Avec les difficultés financières du Crédit immobilier des Pereire en 1866, la Ville d’hiver est-elle en péril ? Pas du tout, parce que le processus médical et publicitaire qui a lancé cette ville de santé fonctionne maintenant parfaitement bien. En 1867, le docteur Gustave Hameau, fils de Jean, le précurseur testerin de Pasteur, publie d’intéressantes et courageuses statistiques sur les effets d’Arcachon. Sur cent cas de phtisie, il relève trente-six décès. L’influence du climat a été bénéfique pour quarante-deux personnes mais nulle pour trente-trois autres. Finalement, Hameau enregistre huit guérisons, douze aggravations et quinze améliorations. Des chiffres assez encourageants pour que, le Second Empire écroulé, les médecins arcachonnais continuent leurs efforts pour faire connaître les vertus thérapeutiques de leur ville.
En 1872, un guide paraît, signé par le docteur Corrigan, de l’université de Dublin et par le docteur hollandais, Mess. Ils vantent tous deux les avantages médicaux d’Arcachon. En 1872 encore, le docteur arcachonnais Bonnal, vante en congrès « les vertus de la forêt de pins et de la vie en home-sanatorium, loin de la promiscuité des vastes installations de Berk ». Il récidive en 1881, à Alger. Ses propos résument l’idée des médecins arcachonnais d’alors : la ville d’hiver constitue un vaste sanatorium naturel à taille humaine et au fonctionnement naturel. Un détail illustre cette particularité arcachonnaise : dans une rustique buvette, on boit de la sève de pin à l’état pur ou bien on l’avale en dragées, en bonbons ou en boissons aromatisées au chocolat. Ce qui reste pittoresque mais ne suffit pas, évidemment, pour agrandir la réputation arcachonnaise.
Par contre, un grand pas pour Arcachon “ville sanitaire” est franchi avec le docteur Fernand Lalesque. En 1882, il se montre formel : « face à la tuberculose, la mer vaut la montagne ». Ce qui fait hurler d’indignation des médecins suisses et français. Par exemple, le professeur Paul Carnot qui lance avec mépris : « Arcachon ne convient qu’aux petits tousseux ». Pas convaincue, non plus, la société des Chirurgiens de Paris pour laquelle « la mer est nuisible aux tuberculeux ». Mais, au fil des années, Lalesque tient bon. Il prouve qu’à Arcachon, « on peut vivre au moins quatre heures par jour en plein air pur et ozonisé ». Or, pour ce spécialiste de la climatologie, la tuberculose recule toujours devant la forêt. De plus, ajoute Lalesque, qui analyse sans cesse l’air d’Arcachon, « il est bactériologiquement neutre ».
La thérapie prônée par Lalesque repose sur deux autres données importantes. La première, c’est que le malade doit renoncer à toute vie mondaine.

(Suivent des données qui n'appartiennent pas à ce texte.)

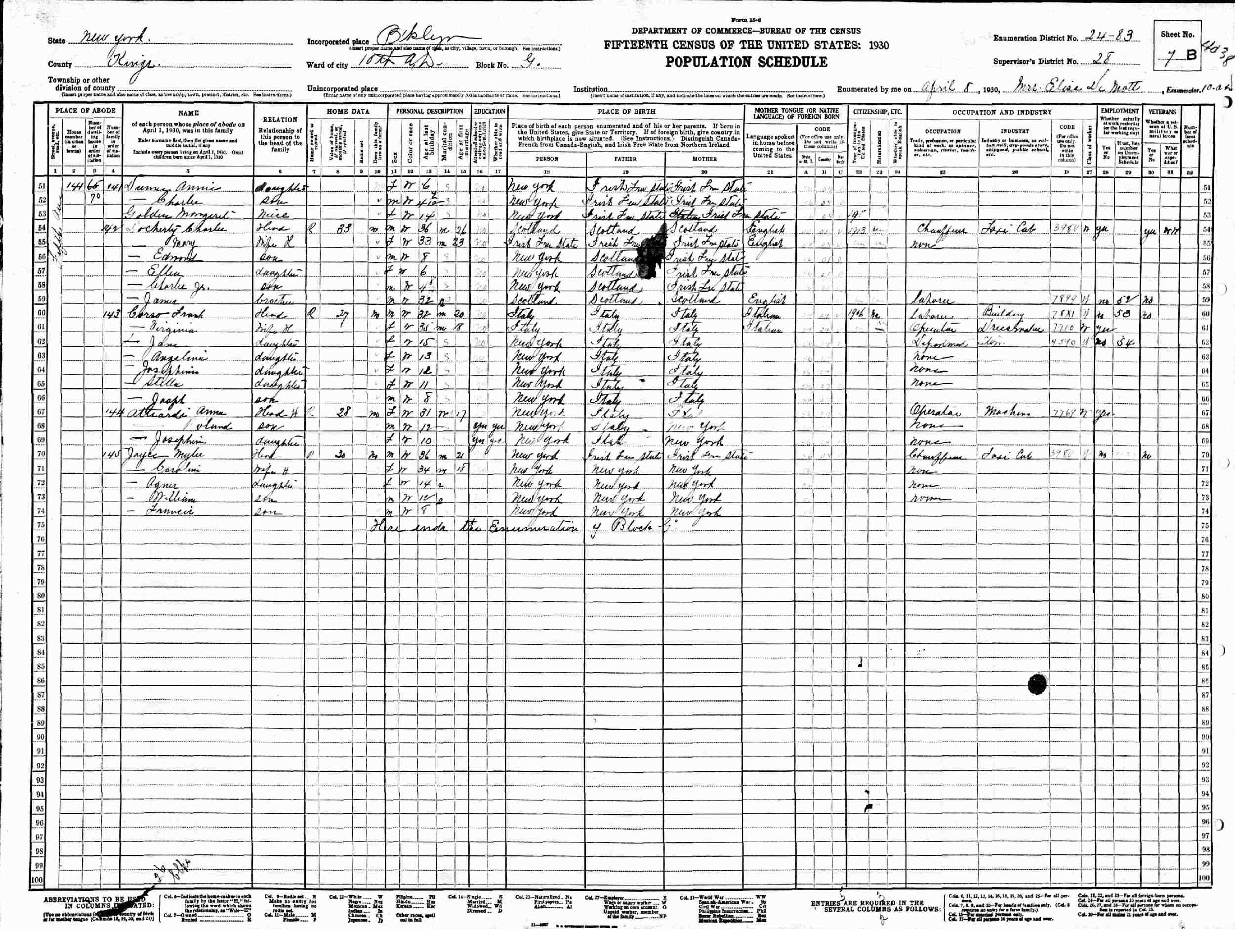 April 8, 1930 - 144 Fifth Avenue, Assembly District 10, Block G, Supervisor's District 28, Enumeration District 24-83, Brooklyn, Kings County, New York.

La réussite de sa cure d’air dépend de la qualité du repos qu’il observe. Autre innovation importante de Lalesque : il invente la cure libre qui responsabilise le malade. Sa vie est rythmée par sa propre volonté, hors de la présence constante du médecin, comme dans les sanatoria classiques.
Autre invention de Lalesque : la villa sanitaire qu’il met au point en 1896 avec Eugène Ormières. On construit ainsi vingt-deux maisons basses, entourées d’une galerie. A l’intérieur : aucune saillie, ni corniche, des angles arrondis, des murs ripolinés et un sol formé d’un amalgame de ciment sans joints. Enfin, le docteur Lalesque met au point la cure en barque, celle qui « met le malade dans un état contemplatif proche de la vie végétative, exempte de toute passion qui est la première condition de la guérison ». En même temps, en 1888, le docteur Armaingaud ouvre un sanatorium avec quarante lits pour enfants sur un terrain donné par le professeur Lalanne.
Mais le plus étonnant, c’est que pendant que se développe ce sanatorium dans la Ville d’Hiver, la Société immobilière d’Arcachon, appartenant aux Pereire, continue de construire des villas dans ce quartier de la ville, où fleurit une vie mondaine. Cette seconde partie de l’agrandissement de la ville d’hiver, c’est une autre histoire.